== Segment start ==
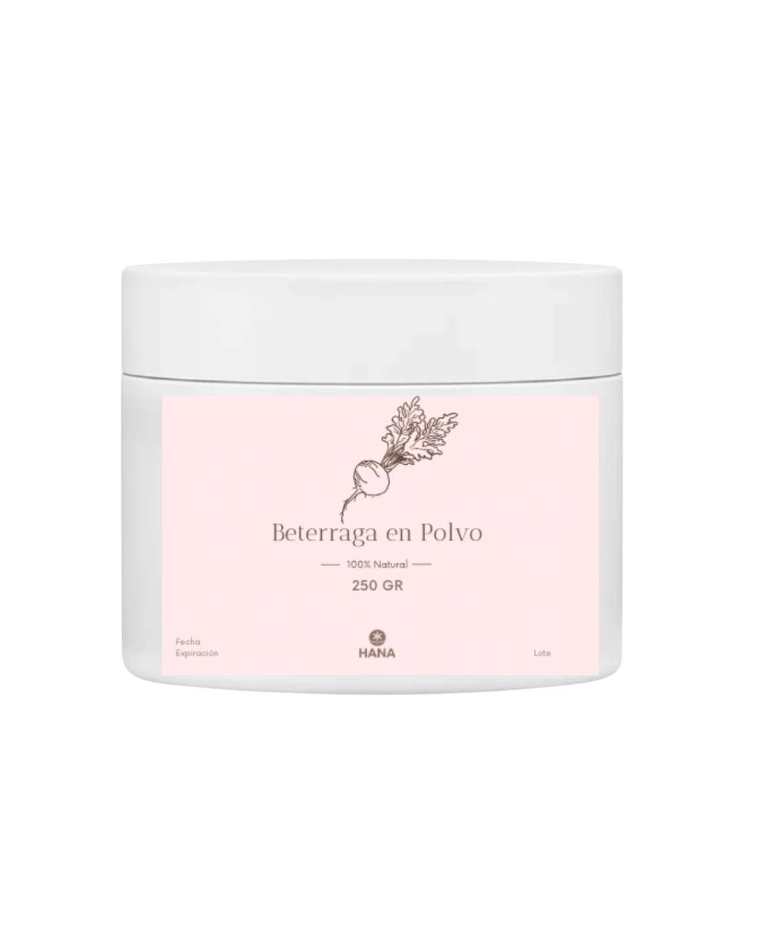 La beterraga en polvo es un ingrediente vegetal de origen natural ampliamente utilizado en formulaciones cosméticas y de cuidado personal por sus propiedades antioxidantes, revitalizantes y colorantes naturales. Actúa ayudando a proteger la piel frente al estrés oxidativo, aportar luminosidad y mejorar la apariencia general del cutis. Además, se emplea como pigmento natural para brindar tonos rosados o rojizos suaves en productos como mascarillas faciales, jabones, bálsamos labiales y cosméticos artesanales. Es especialmente valorada por su alto contenido de nutrientes y su capacidad para realzar el aspecto saludable de la piel.
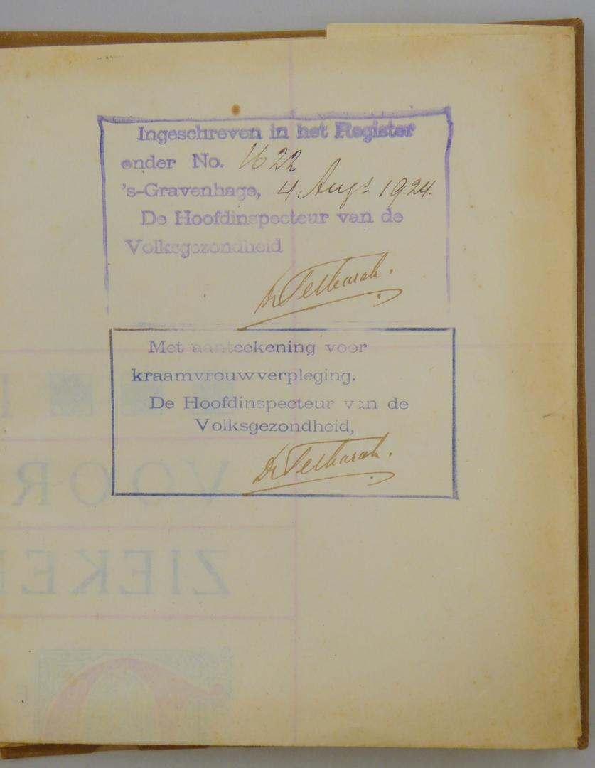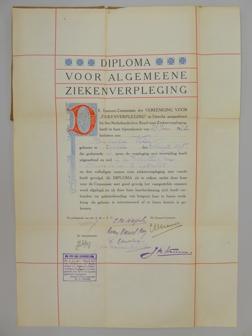 Diploma voor Algemeene Ziekenverpleging N.B.V.Z. van Hendrika Kley, in omslag
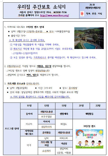¿ì¸®Áý Àå¾ÖÀÎ ÁÖ°£ ´Ü±âº¸È£½Ã¼³¿¡ ¿À½Å°ÍÀ» ȯ¿µÇÕ´Ï´Ù.
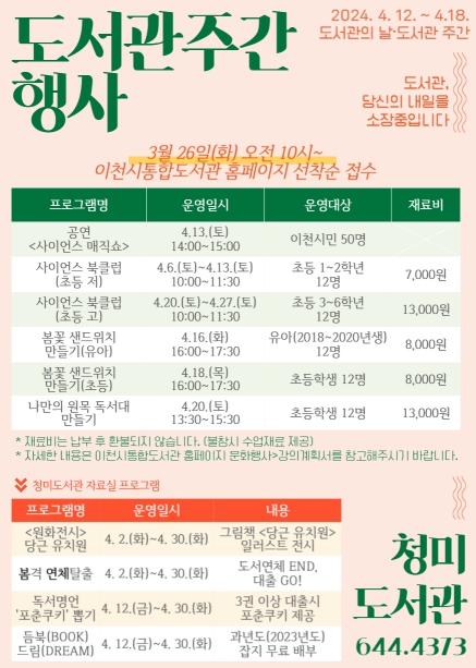 [뉴스서치] 이천시 청미도서관에서는‘제60회 도서관 주간(4. 12. ~ 4. 18.)’을 맞아 4월 한 달간 다양한 독서문화 행사를 펼친다.
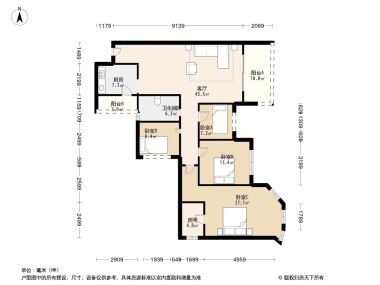 *施工有误差,交付时无法与户型图一致,仅供参考,最终以开发商合同为准
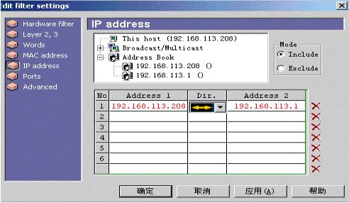 2)用热键CTRL+E弹出如图所示过滤设置,选择左栏“IP address”,右栏按下图将address book中的地址拽到下面,设置好后确定,这样就这抓这两台计算机之间的包。
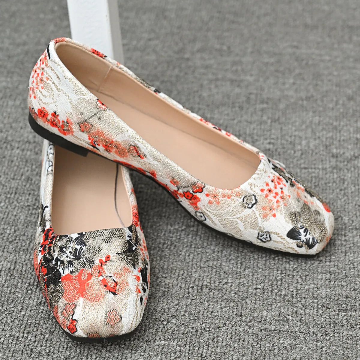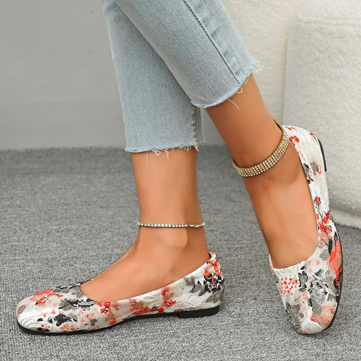 These charming slip-on loafers feature a beautiful floral print pattern in coral and grey tones against a light background. The shoes are designed for both style and comfort, with a flat sole and easy slip-on construction. Made with quality materials, these loafers offer breathability and flexibility for all-day wear. The classic silhouette is updated with a modern floral pattern, making them perfect for casual outfits and daily activities. The rounded toe design provides ample room for comfort, while the structured build ensures durability and shape retention.
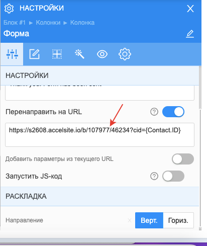 5) Выдели форму и в настройках добавь ссылку на созданный в пункте 1 чат бот. (см. Скриншот 1)
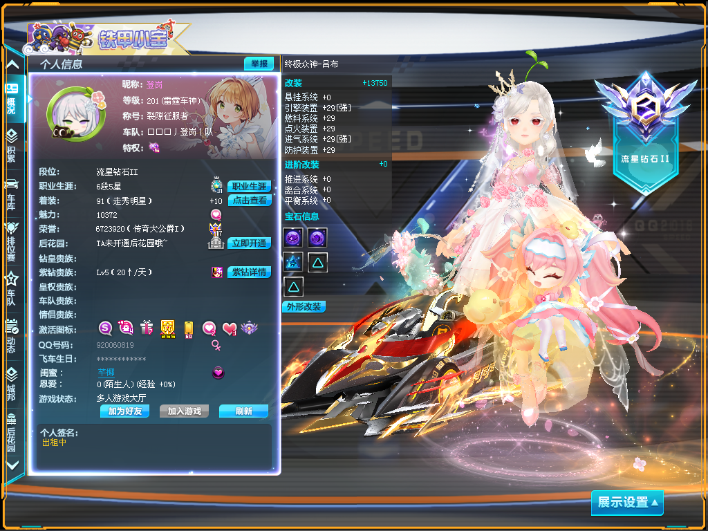 装备描述:账号里有全29双4级宝石的终极众神吕布+阿尔法之芯黑客+阿尔法之芯海姆达尔+雷诺樱花+魔力小狼+无人驾驶AE86+3竞速宝石神影寒冰+强10幻海之莹+强9甜心公主; 可以排位、巅峰赛、边境都行,已开启到时不下,到时间不会故意顶号; 游戏时请勿使用三方软件,禁止小学生租用本账号,请勿使用本账号发布任何广·告信息
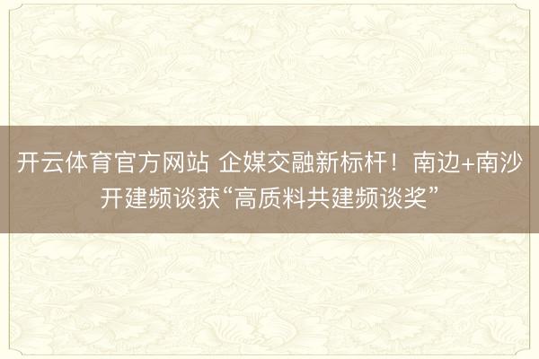 开云体育官方网站 企媒交融新标杆!南边+南沙开建频谈获“高质料共建频谈奖”
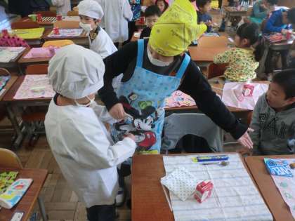 6年 「1年生の給食配膳サポート」 その3
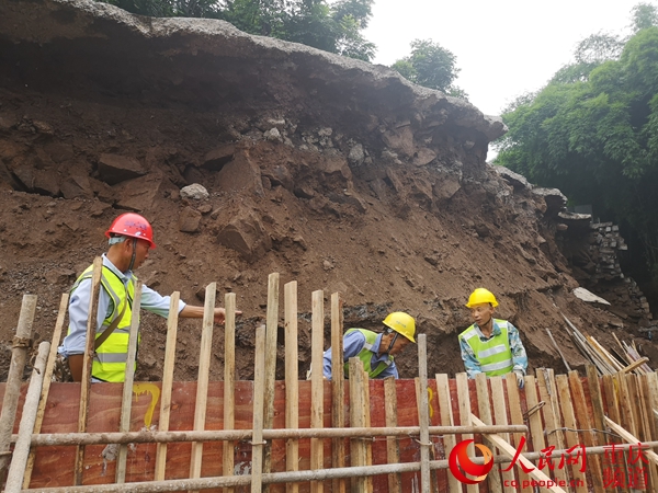 連續(xù)幾天,搶通人員加強(qiáng)臨邊安全維護(hù),加緊新設(shè)計(jì)擋墻基坑開(kāi)挖清理,進(jìn)入砌筑“衡重式”片石混凝土擋墻、設(shè)置永久性工程的重要施工環(huán)節(jié)。預(yù)計(jì)經(jīng)過(guò)12個(gè)日夜的連軸施工,整個(gè)擋墻修復(fù)工程將在8月1號(hào)左右完工。
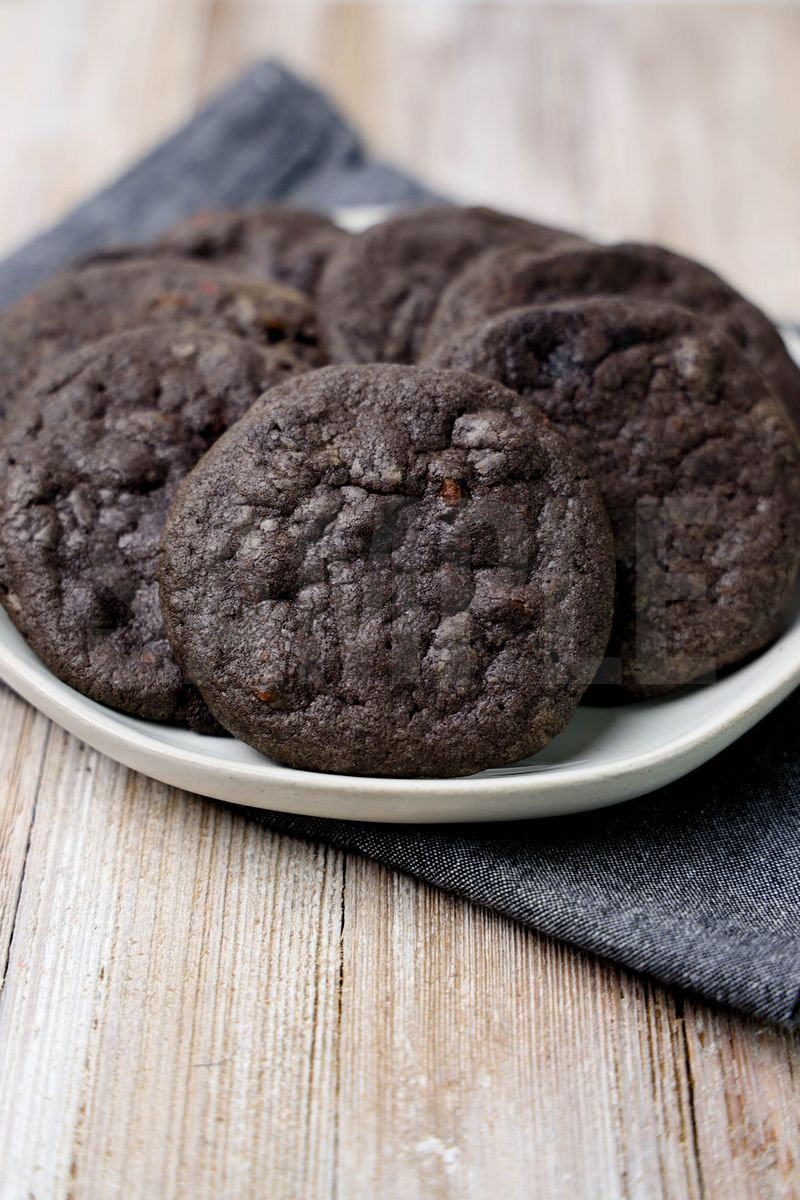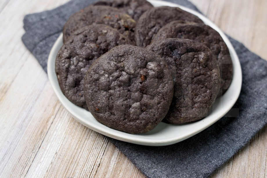 Wednesday Addams Chocolate Chip Cookies is made with pre-made chocolate chip cookie dough and black food gel. This is a semi exclusive recipe. The Wednesday Addams Chocolate Chip Cookies comes a denim napkin on a rustic wood backdrop. Set comes with 8 in process (in process are the same for all sets) and 16 final shots (finals are different for each set) along with recipe in text format. Both vertical and horizontal shots are available for social media. One set of four. Sample removed on finals.
== Segment end ==
*Aim of the exercise:*
Above are records; repeat only the lines from the line with "Àå¾ÖÀÎ ÁÖ°£ ´Ü±âº¸È£½Ã¼³¿¡" through the line with "連續(xù)幾天,搶通人員加", and leave pictures out.

*Your response:*
¿ì¸®Áý Àå¾ÖÀÎ ÁÖ°£ ´Ü±âº¸È£½Ã¼³¿¡ ¿À½Å°ÍÀ» ȯ¿µÇÕ´Ï´Ù.
 [뉴스서치] 이천시 청미도서관에서는‘제60회 도서관 주간(4. 12. ~ 4. 18.)’을 맞아 4월 한 달간 다양한 독서문화 행사를 펼친다.
 *施工有误差,交付时无法与户型图一致,仅供参考,最终以开发商合同为准
 2)用热键CTRL+E弹出如图所示过滤设置,选择左栏“IP address”,右栏按下图将address book中的地址拽到下面,设置好后确定,这样就这抓这两台计算机之间的包。
 These charming slip-on loafers feature a beautiful floral print pattern in coral and grey tones against a light background. The shoes are designed for both style and comfort, with a flat sole and easy slip-on construction. Made with quality materials, these loafers offer breathability and flexibility for all-day wear. The classic silhouette is updated with a modern floral pattern, making them perfect for casual outfits and daily activities. The rounded toe design provides ample room for comfort, while the structured build ensures durability and shape retention.
 5) Выдели форму и в настройках добавь ссылку на созданный в пункте 1 чат бот. (см. Скриншот 1)
 装备描述:账号里有全29双4级宝石的终极众神吕布+阿尔法之芯黑客+阿尔法之芯海姆达尔+雷诺樱花+魔力小狼+无人驾驶AE86+3竞速宝石神影寒冰+强10幻海之莹+强9甜心公主; 可以排位、巅峰赛、边境都行,已开启到时不下,到时间不会故意顶号; 游戏时请勿使用三方软件,禁止小学生租用本账号,请勿使用本账号发布任何广·告信息
 开云体育官方网站 企媒交融新标杆!南边+南沙开建频谈获“高质料共建频谈奖”
 6年 「1年生の給食配膳サポート」 その3
 連續(xù)幾天,搶通人員加強(qiáng)臨邊安全維護(hù),加緊新設(shè)計(jì)擋墻基坑開(kāi)挖清理,進(jìn)入砌筑“衡重式”片石混凝土擋墻、設(shè)置永久性工程的重要施工環(huán)節(jié)。預(yù)計(jì)經(jīng)過(guò)12個(gè)日夜的連軸施工,整個(gè)擋墻修復(fù)工程將在8月1號(hào)左右完工。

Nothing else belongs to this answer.